Thank you all in advance!

Answer 1

Take $f(x) = x^3 + x + 1\in \mathbb{Z}[x]$. It's irreducible, and $$f(x + k) = x^3 + 3k x^2 + (3k^2 + 1)x + k^3 + k + 1$$ has relatively prime linear and quadratic coefficients for any integer $k\not = 0$.

Answer 2

Hint $ $ The key idea behind the Eisenstein criteria is that polynomials satisfying the criterion are, mod $\,p,\,$ powers of a prime, viz. $\,\equiv x^n,\,$ and products of primes always factor uniquely. The same works for its shift $\,(x-c)^n,\,$ so we seek primes $\,p\,$ such that, mod $\,p,\,$ the polynomial is congruent to such a power (e.g. for motivation: cyclotomic case). One can show that the only primes $\,p\,$ that can yield such powers are those dividing the discriminant of the polynomial.
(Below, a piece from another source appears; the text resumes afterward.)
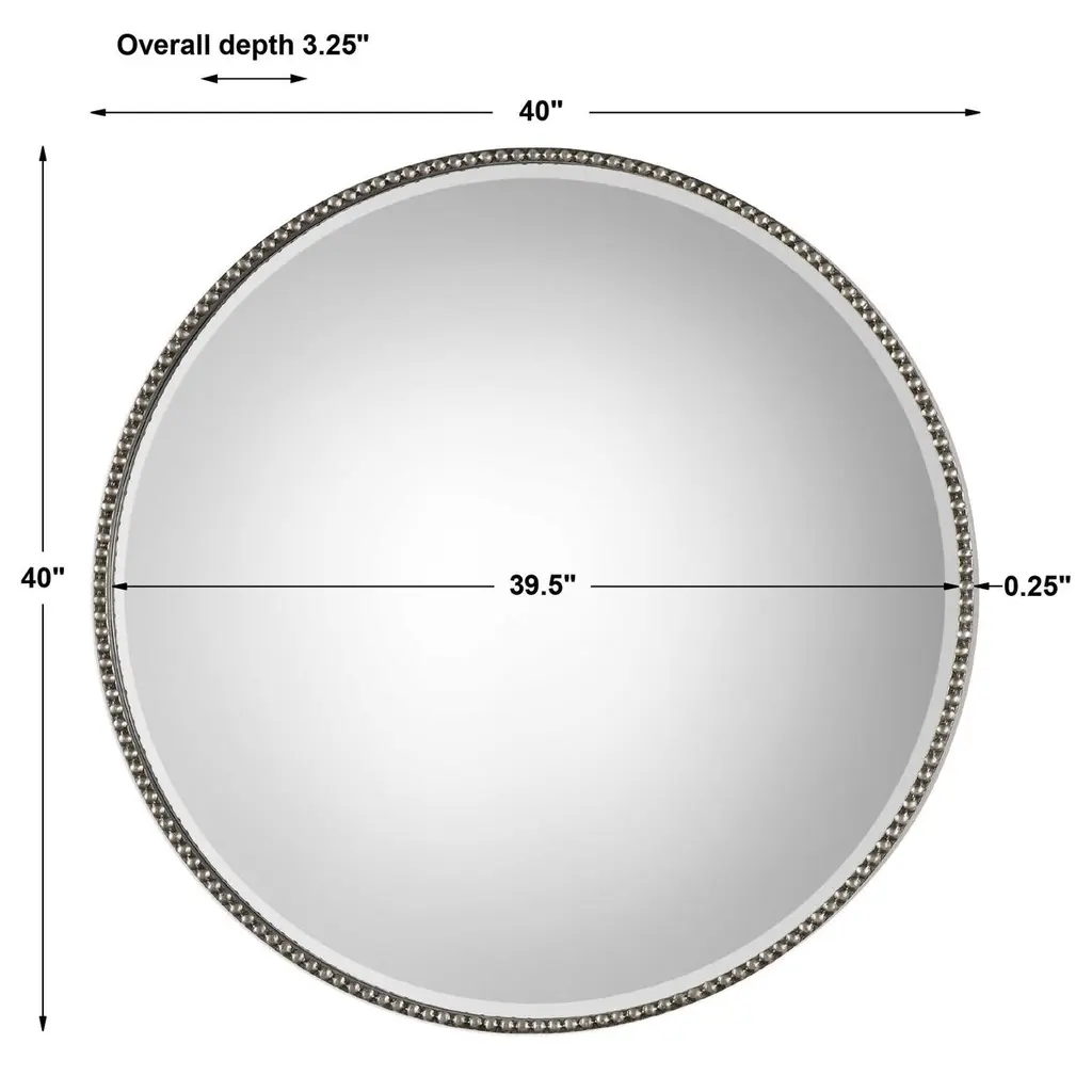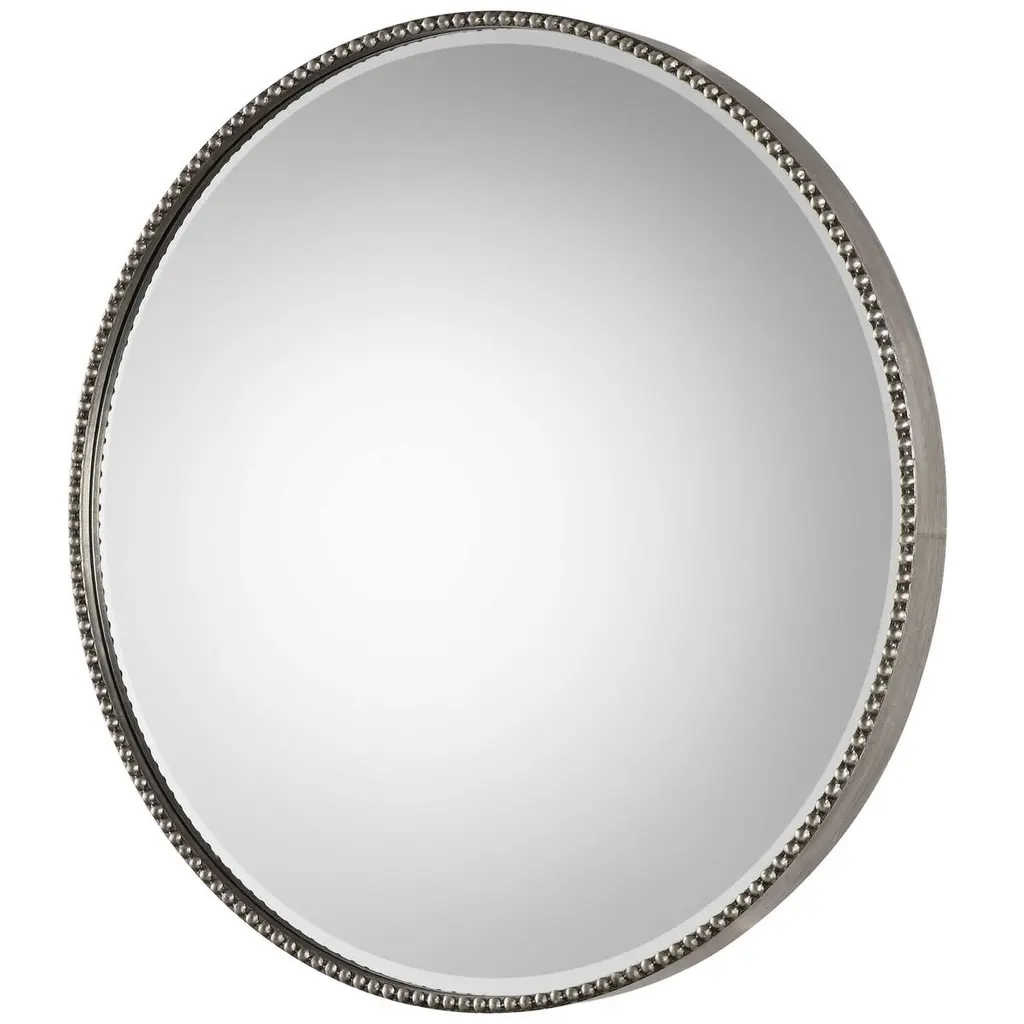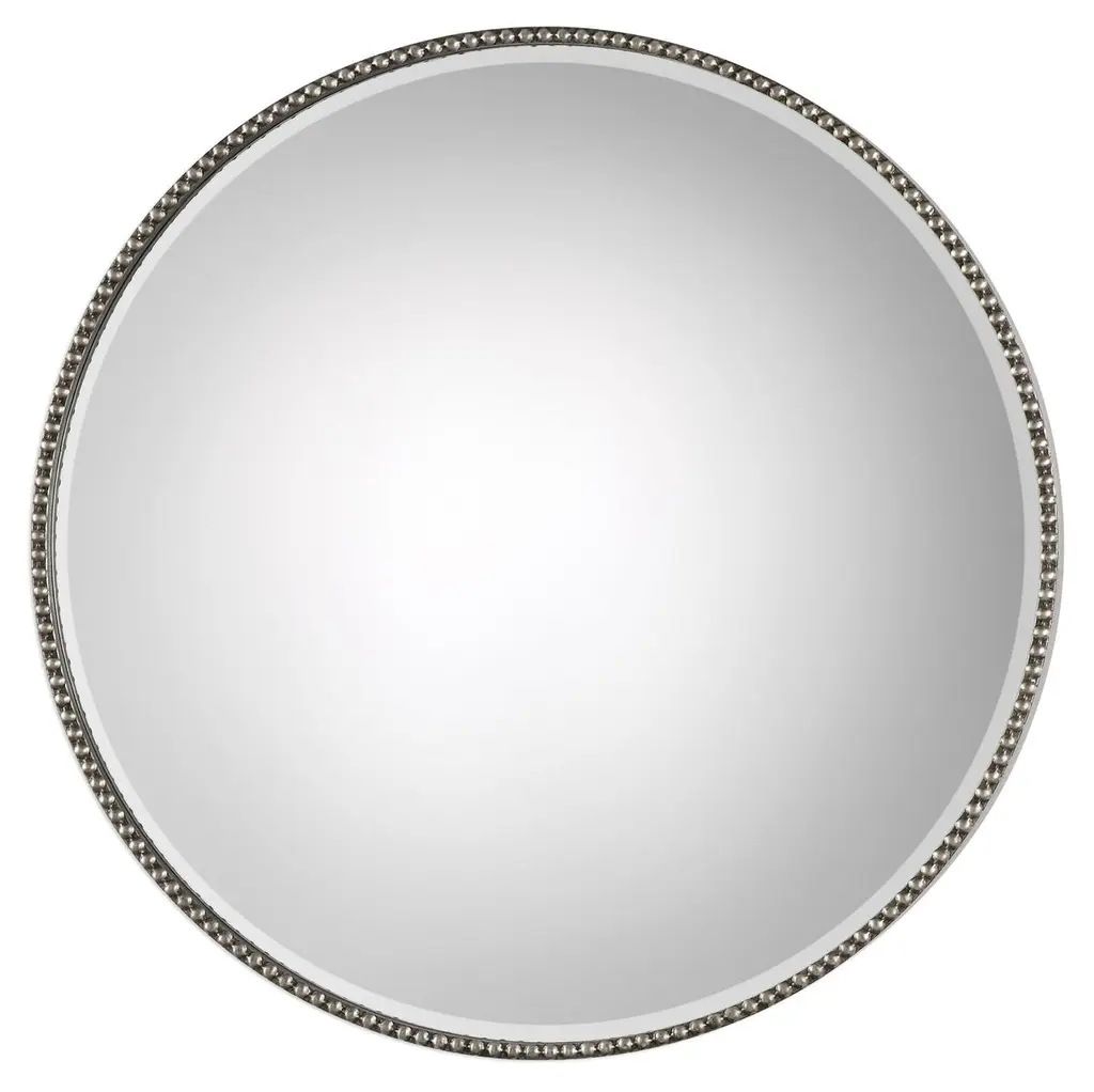 This petite iron frame features a beaded surface with a deep profile, hand finished in a lightly antiqued silver leaf. Mirror has a generous 1 1/4" bevel.

Indeed, if $\,f\equiv a (x\!-\!c)^n,\,\ n\!>\! 1\,$ then $\,f\,$ & $\,f'\,$ have common root $\,x\equiv c,\,$ so their resultant $\, R(f,f')\equiv 0.\,$ But this is, up to sign, the discriminant of $\,f\,$ (presumed monic).

Let's consider your example $\,f(x) = x^3+3x^2+5x+1,\,$ with discriminant $\,-140 = -2^2\cdot 5\cdot 7.\,$ Checking factorizations modulo these primes we find $\,f(x) = (x\!+\!1)^3\pmod{\! 2}.\, $ This implies $\,g(x)=f(x\!-\!1)\equiv x^3\pmod{\! 2}\,$ is Eisenstein by $\,2^2\nmid g(0)=f(-1)=-2,\,$ indeed we have $\,g(x) = f(x\!-\!1) = x^3+2x-2$.

For anomaly's example $\,f(x) = x^3+x+1,\,$ with discriminant $-31,\,$ the only possibility is $\,p \!=\! 31\,$ but $\,f\,$ is not a power mod $\,31\,$ by $\,3\,$ is a root, but has multiplicity one: $\,f'(3) \equiv 28\not\equiv 0.$

Remark $ $ If you know algebraic number theory then this criterion can be rephrased more precisely in terms of totally ramified primes, e.g. see Keith Conrad's note.